The basement also doubles as the lunchroom, a space that has become so overcrowded in recent years the school has taken to running three different lunch periods, starting at 10:10 a.m., to accommodate all of the students.

“People are turning away because they see that the school doesn’t have the proper facilities,” said another involved parent, Eileen McDonegh, who has two children at the school. “It's kind of ridiculous that we’ve been overlooked and [become] kind of like the forgotten school.”

Since talk of an addition for the school first surfaced in 2000, other schools in the district have benefited from major capital works projects. In that time the DOE has built extensions and/or new buildings at P.S. 49, 113, 119 and M.S. 128.

According to Beninati the DOE granted P.S. 87 an extension in 2000, so long as the then-elementary school changed to a K-8 facility. The school did so soon afterwards.

In 2002, shortly before Mayor Bloomberg was elected and took control of the city’s schools, Beninati said the Community School Board voted in favor of the addition.

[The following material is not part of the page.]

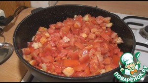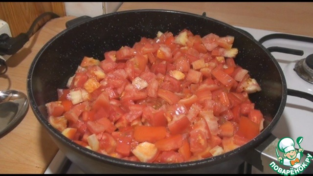 Помидоры помыть, нарезать крупным кубиком, отправить в сотейник или кастрюлю с толстым дном. Накрыть крышкой и тушить на среднем огне 15 минут, чтобы они пустили сок и стали мягкими.
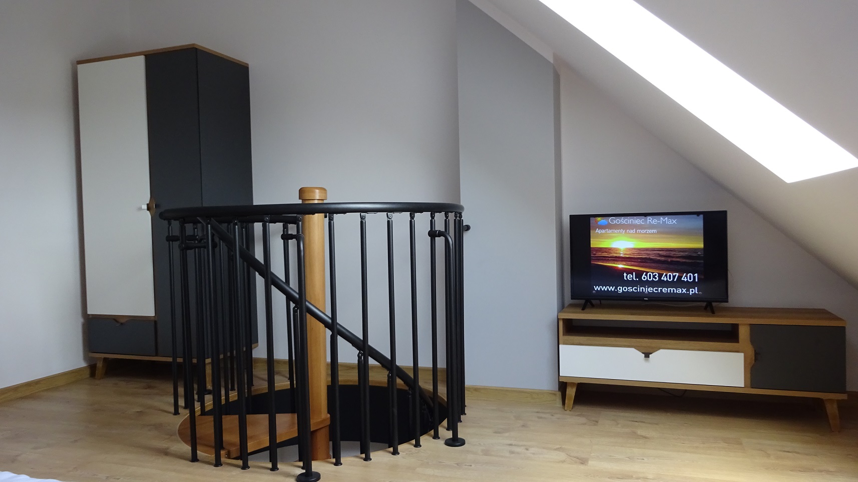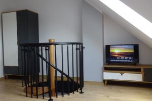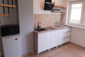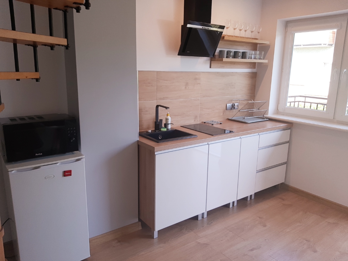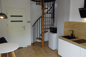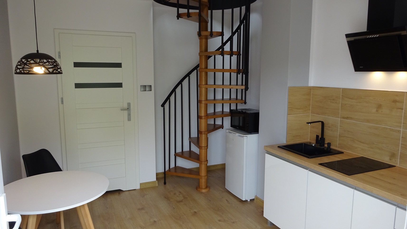 Nowy apartament 2 poziomowy (ok. 30m2) dla max. 2 os deluxe. W apartamencie: na 1-wszym poziomie: aneks kuchenny (płyta indukcyjna, mikrofala, lodówka, czajnik, zestaw naczyń), łazienka z podgrzewaną podłogą (wc, prysznic, umywalka), na piętrze sypialnia z łóżkiem małżeńskim, TV-32 cale. Przed apartamentem na tarasiku stolik i 2 krzesełka.

DOE Spokesman Will Havemann acknowledged long-standing community support for the plan, but strongly disputed any claims that the DOE at any point promised to build the addition.

“The DOE never proposed an addition for P.S. 87,” Havemann said.

He said the project has also never been included in the DOE’s capital plans since Bloomberg took office, because the school has not shown a need for more seats.

Havemann said the education department is working with Crowley to address community concerns over the school, but said DOE is committed to construction projects with a focus on creating more seats.

P.S. 87 operated at just under capacity this year, and the DOE does not expect enrollment to increase significantly.

By contrast, said Havemann, other schools in the district have growing student populations, the reason why they were given extensions.

Building more seats is “really the priority across the city and in the district,” Havemann said. The education department “has no plans” for an addition at P.S. 87, he added.

Beninati said while parents agree the school does not need more seats, the existing students still need the adequate basic services that are now lacking.

She has proposed an additional building, perhaps on the playground behind the school, that would house a new gym, bathrooms and a large cafeteria.

“I think it's absolutely a fair ask,” said Sleeper. DOE’s upcoming tour of the school to reassess the facility, “is the right next step,” he said.